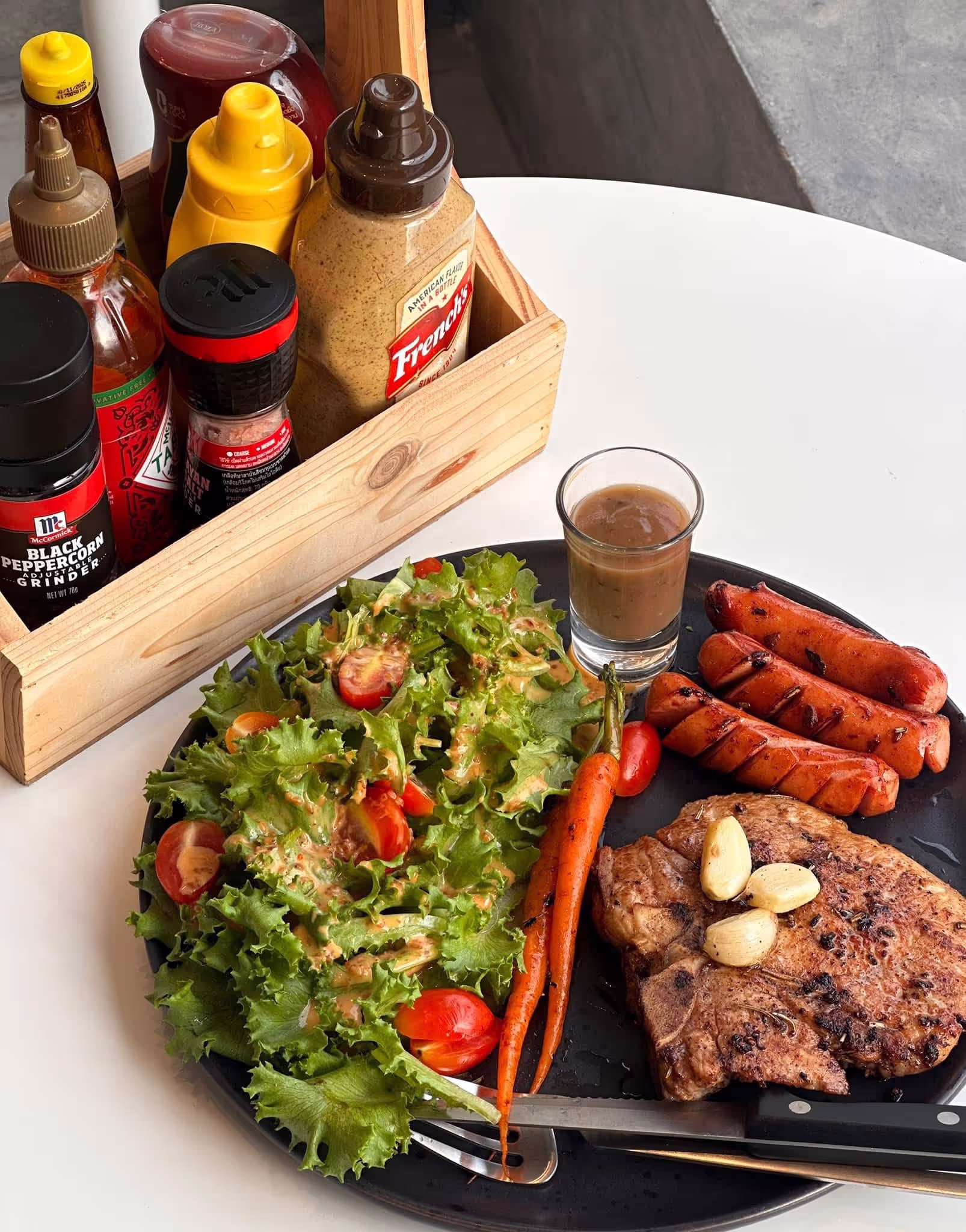 แต่ไฮไลท์ที่แท้จริงคือตอนที่พนักงานนำอาหารจานหลักมาเสิร์ฟ! เราสั่ง สเต๊กจานใหญ่ มาลอง พอเห็นจานเท่านั้นแหละก็ตกใจเลยค่ะ เพราะมัน ใหญ่มาก คุ้มค่าเกินราคาจริง ๆ ตัวสเต๊กทำมาได้ดีมาก เนื้อนุ่มและปรุงรสชาติได้อย่างกลมกล่อม เสิร์ฟพร้อมเครื่องเคียงที่จัดเต็มและหน้าตาน่าทานมาก ๆ ทำให้มื้อนี้ไม่เป็นแค่การมานั่งคาเฟ่จิบเครื่องดื่ม แต่เป็นการมาทานอาหารมื้อหลักที่อร่อยและประทับใจในทุกองค์ประกอบเลยค่ะ
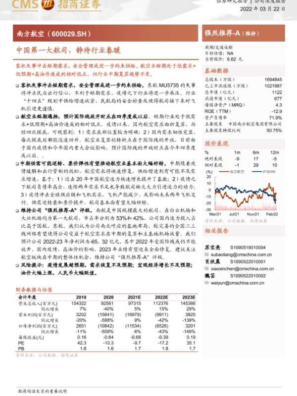 【海通证券】【20220322】中国第一大航司,静待行业春暖-24页
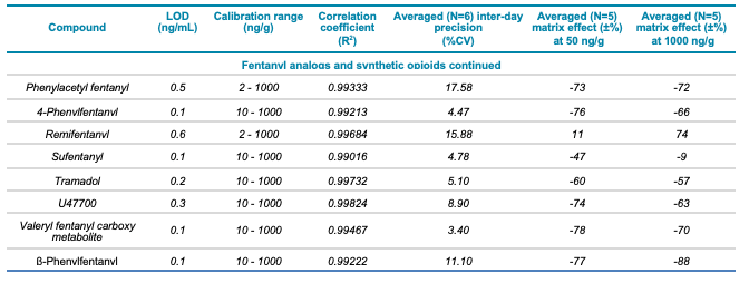 Of the various populations exposed to NPS, pregnant women are among the most vulnerable to the harmful effects of these substances. Prenatal or in utero NPS exposure presents considerable health risks for both the carrying mother and the developing fetus and has been associated with conditions such as neonatal abstinence syndrome (NAS), birth defects, low birth weight, preterm delivery and other long-term neurodevelopmental disorders that affect brain structure and function.2-5 Meconium, which is a newborn’s first stool, is considered the best matrix for detecting prenatal drug exposure. Although complex in composition, meconium provides a wide detection window that covers the second and third trimesters of pregnancy.6-7 Therefore, reliable screening methods capable of identifying and quantifying drug use in meconium samples provide unequivocal evidence of prenatal exposure to NPS and synthetic opioids.
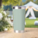 Stay grounded and hydrated wherever you go with this Retro Yoga Lover Tumbler. Featuring a calming yoga pose surrounded by colorful 70s-inspired swirls in sage green, orange, and gold, this design radiates mindfulness and positive energy. Sage green background.

Activity: The reply should repeat the listing above exactly and contain no pictures.

Task result:
 แต่ไฮไลท์ที่แท้จริงคือตอนที่พนักงานนำอาหารจานหลักมาเสิร์ฟ! เราสั่ง สเต๊กจานใหญ่ มาลอง พอเห็นจานเท่านั้นแหละก็ตกใจเลยค่ะ เพราะมัน ใหญ่มาก คุ้มค่าเกินราคาจริง ๆ ตัวสเต๊กทำมาได้ดีมาก เนื้อนุ่มและปรุงรสชาติได้อย่างกลมกล่อม เสิร์ฟพร้อมเครื่องเคียงที่จัดเต็มและหน้าตาน่าทานมาก ๆ ทำให้มื้อนี้ไม่เป็นแค่การมานั่งคาเฟ่จิบเครื่องดื่ม แต่เป็นการมาทานอาหารมื้อหลักที่อร่อยและประทับใจในทุกองค์ประกอบเลยค่ะ
 【海通证券】【20220322】中国第一大航司,静待行业春暖-24页
 Of the various populations exposed to NPS, pregnant women are among the most vulnerable to the harmful effects of these substances. Prenatal or in utero NPS exposure presents considerable health risks for both the carrying mother and the developing fetus and has been associated with conditions such as neonatal abstinence syndrome (NAS), birth defects, low birth weight, preterm delivery and other long-term neurodevelopmental disorders that affect brain structure and function.2-5 Meconium, which is a newborn’s first stool, is considered the best matrix for detecting prenatal drug exposure. Although complex in composition, meconium provides a wide detection window that covers the second and third trimesters of pregnancy.6-7 Therefore, reliable screening methods capable of identifying and quantifying drug use in meconium samples provide unequivocal evidence of prenatal exposure to NPS and synthetic opioids.
 Stay grounded and hydrated wherever you go with this Retro Yoga Lover Tumbler. Featuring a calming yoga pose surrounded by colorful 70s-inspired swirls in sage green, orange, and gold, this design radiates mindfulness and positive energy. Sage green background.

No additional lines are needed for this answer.